The Iranian government has begun implementing controversial legislation that allows women to inherit all forms of their husband's property.
President Mahmoud Ahmadinejad has issued a decree that instructs all government bodies to enforce a recently passed law, modifying women's inheritance rights, Iranian newspapers reported on Wednesday.
On January 25, the Iranian parliament passed legislation making it possible for women to inherit up to a quarter of the land and standing property that their husbands owned while alive.
The previous law only allowed women to inherit a portion of portable property and those non-portables that were standing, such as buildings, trees and such. However, the new legislation has added ground assets, such as land, to that list.
The president ordered the legislation to be implemented, in spite of the Guardian Council's silence over the issue.
According to Iranian law, the Guardian Council, made up of six religious and six legal experts, must approve all parliamentary legislations before they can become law.

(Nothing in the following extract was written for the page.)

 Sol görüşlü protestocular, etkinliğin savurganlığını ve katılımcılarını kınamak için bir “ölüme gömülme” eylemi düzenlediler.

However, if the Council decides to not take any official stance on any legislation in a set period of time, the legislation becomes official automatically, as in the case of the new legislation on women's inheritance rights.
The Guardian Council's decision to remain silent on the issue follows heavy criticism from several top religious figures, who view the legislation as in clear contradiction with the Islamic law.

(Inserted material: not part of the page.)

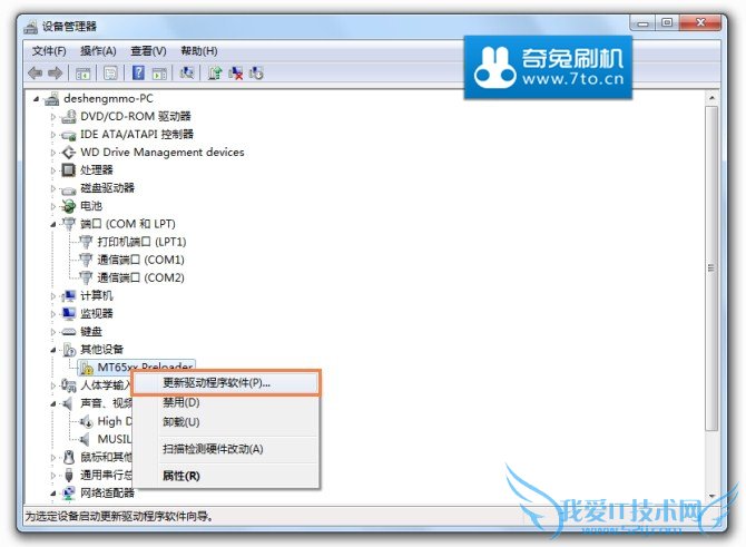 3.设备管理器会出现一个带问号的设备,对其右击“更新驱动程序”

Commenting on the criticism, the country's Parliament Speaker Ali Larijani said that the parliament passed the law after receiving approval from the Leader of the Islamic Revolution, Ayatollah Seyyed Ali Khamenei.
"The Guardian Council asked the Leader for a Fatwa [religious ruling] on the matter and the parliament passed the Leader's exact Fatwa," Larijani explained.
In defense of the decision, Iranian journalist and legal expert Majid Dehlavi says the implementation of the new inheritance law is 'a step in the right direction.'
"This new law is far more in harmony with the social system governing our relations," Dehlavi told Press TV on Thursday.
"The previous law was used in the past to safeguard the property of the children after their mothers remarried, but that has nothing to do with the society we live in today," he added.